Java download file from url how to#
Python 3 Selenium Web Scraping Script to Take Screenshot of Website URL and Download it as PNG Image File Full Project For Beginners In this tutorial, you learn how to download a file from a URL using the Java IO package.
How to Download File From URL to Google Drive Using Google Colab in Python Full Project For Beginners.
For convenient, script-driven extraction of the downloadable file URLs and.
Java download file from url code#
Javascript PDFMake Library to Export jQuery HTML DataTable to CSV,Excel and PDF Documents in Browser Full Project For Beginners website and especially the download page for source code and.Build a Sapui5 PDF Viewer With Custom Validation Error Messages and Download PDF Button in Browser Using Vanilla Javascript Full Project For Beginners.
Java download file from url generator#
Vue.js Dynamic JSON Data File Generator With Live Preview From Form Field Values and Download as JSON Blob File in Browser Using Javascript Full Project For Beginners.
Python Tkinter Script to Build Download Manger to Download Bulk Multiple Files From URL with Progressbar Animation Using PySmartDL Library Full Project For Beginners.
Using ansferFrom () method class in Java provides several methods for reading, writing, mapping, and manipulating a file. This post provides an overview of some of the available alternatives to accomplish this. Here is Spring boot example to download a file but this code can. It can also be used as the assignment target for a method reference or a lambda expression. StreamingResponseBody is a functional interface. Download File Using StreamingResponseBody.
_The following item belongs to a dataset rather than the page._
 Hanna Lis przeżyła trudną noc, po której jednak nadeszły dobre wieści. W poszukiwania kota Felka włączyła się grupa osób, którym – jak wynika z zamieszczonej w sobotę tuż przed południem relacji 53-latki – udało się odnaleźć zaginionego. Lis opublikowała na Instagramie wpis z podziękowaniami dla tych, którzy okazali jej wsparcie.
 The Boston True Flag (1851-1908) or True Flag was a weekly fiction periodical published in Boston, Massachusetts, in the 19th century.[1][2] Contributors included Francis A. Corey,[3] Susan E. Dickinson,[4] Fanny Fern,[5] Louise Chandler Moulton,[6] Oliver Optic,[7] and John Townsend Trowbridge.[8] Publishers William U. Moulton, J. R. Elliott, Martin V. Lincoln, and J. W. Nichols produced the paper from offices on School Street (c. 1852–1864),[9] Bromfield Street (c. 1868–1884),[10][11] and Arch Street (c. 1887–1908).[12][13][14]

Python 3 wkhtmltopdf Script to Convert HTML File to PDF or Website URL to PDF Document Using PDFKit Library Full Project For Beginners There are several ways to download a file from a URL in Java. Here we will see following three methods to download a file directly to the client easily: 1.
Sometimes we want to save a web file to our own computer.
Vue.js Mozilla PDF.js vue-pdf-app Library PDF Viewer to Display PDF Documents in Browser Using Javascript Full Tutorial For Beginners The curl tool lets us fetch a given URL from the command-line.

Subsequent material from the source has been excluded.